QuoteWhich version are you using?

I had already updated it to 1.21 today to use the transformToGL() method, but I guess it was a Firefox caching thing. I see it now.

QuoteIs camera at 0,0,0?  If not, you'll need to subtract it from the converted vectors.  Also try reversing the sign of x, z, or both.

Cool, I'll try and be right back, thanks.

AGP

OK, I tested all 12 possibilities for up vectors with setOrientation (12 because I tried flipping x and z as well). Nothing showed me anything.
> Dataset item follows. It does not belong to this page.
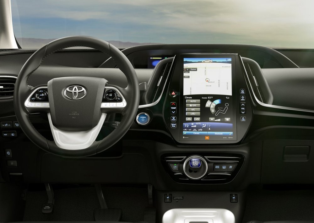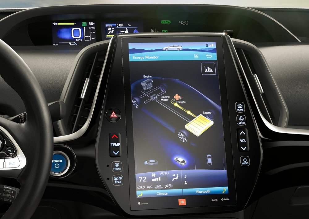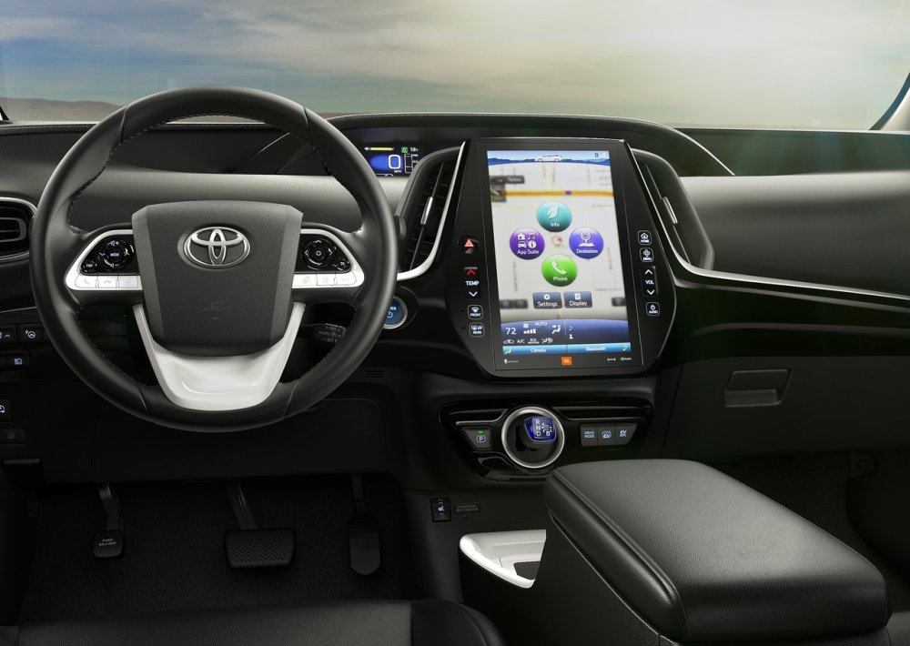 En el habitáculo del Toyota Prius híbrido enchufable también se registran algunos cambios de cierto tarado, como en el salpicadero, donde ahora lo corona una pantalla táctil de 11,6 pulgadas en disposición vertical. Esta permite controlas las diferentes funciones del sistema de infoentretenimiento, el cual incorpora las últimas soluciones en conectividad. También está disponible un Head Up Display a color y un equipo de sonido firmado por JBL.

What I didn't try is flipping the x and z of setPosition, but that shouldn't be the difference between me seeing SOMETHING and nothing, right?

paulscode

That is very strange.  I can't imagine a scenario where you can see something then flipping the x and z coordinates in camera space of that thing plus the x and z values of the camera's look direction in camera space and no longer being able to see the thing - seems like that should always result in the equivalent of rotating the thing 90 degrees around its y-axis.  Obviously such a scenario exists in your case, so I guess it is just a limitation of my imagination..

paulscode

Ok, give this a try (to see if my logic about flipping x and z in camera space to rotate the scene properly is incorrect).  Set up your scene as you did earlier where you can see the characters from looking sideways at the scene (i.e. comment out matrix thing, FOV to 45, position of camera -y/z flipped and camera.lookAt to the position of Max's camera's target).  Then call the following method:

    public void rotateScene90( Object3D[] sceneObjects, SimpleVector lookTarget, Camera camera )
    {
        SimpleVector sourcePosition, targetPosition, translation;
        for( int x = 0; x < sceneObjects.length; x++ )
        {
            // convert object's position into camera space:
            sourcePosition = new SimpleVector( sceneObjects[x].getTransformedCenter() );
            sourcePosition = sourcePosition.calcSub( camera.getPosition() );
            sourcePosition.matMul( camera.getBack() );
            // determine the new position (in camera space):
            targetPosition = new SimpleVector(sourcePosition.z, sourcePosition.y, sourcePosition.x );
            // convert new position into world space:
            targetPosition.matMul( camera.getBack().invert3x3() );
            targetPosition.add( camera.getPosition() );
            // translate to the new position:
            sceneObjects[x].translate( targetPosition.calcSub( sceneObjects[x].getTransformedCenter() ) );
        }

        // convert the look-target into camera space:
        sourcePosition = new SimpleVector( lookTarget );
        sourcePosition = sourcePosition.calcSub( camera.getPosition() );
        sourcePosition.matMul( camera.getBack() );
        // determine the new look-target (in camera space):
        targetPosition = new SimpleVector(sourcePosition.z, sourcePosition.y, sourcePosition.x );
        // convert the new look-target into world space:
        targetPosition.matMul( camera.getBack().invert3x3() );
        targetPosition.add( camera.getPosition() );

        // look toward the new look-target:
        SimpleVector look = targetPosition.calcSub( camera.getPosition() ).normalize();
        SimpleVector up = camera.getYAxis();
        up.scalarMul( -1 );  // Bug fix, shouldn't be necessary?  Try removing if scene is upside-down
        camera.setOrientation( look, up );
    }


Notice the bug fix for the setOrientation issue.  Depending on the scene, the call to up.scalarMul( -1 ) may or may not be necessary (remove it if the scene winds up upside-down).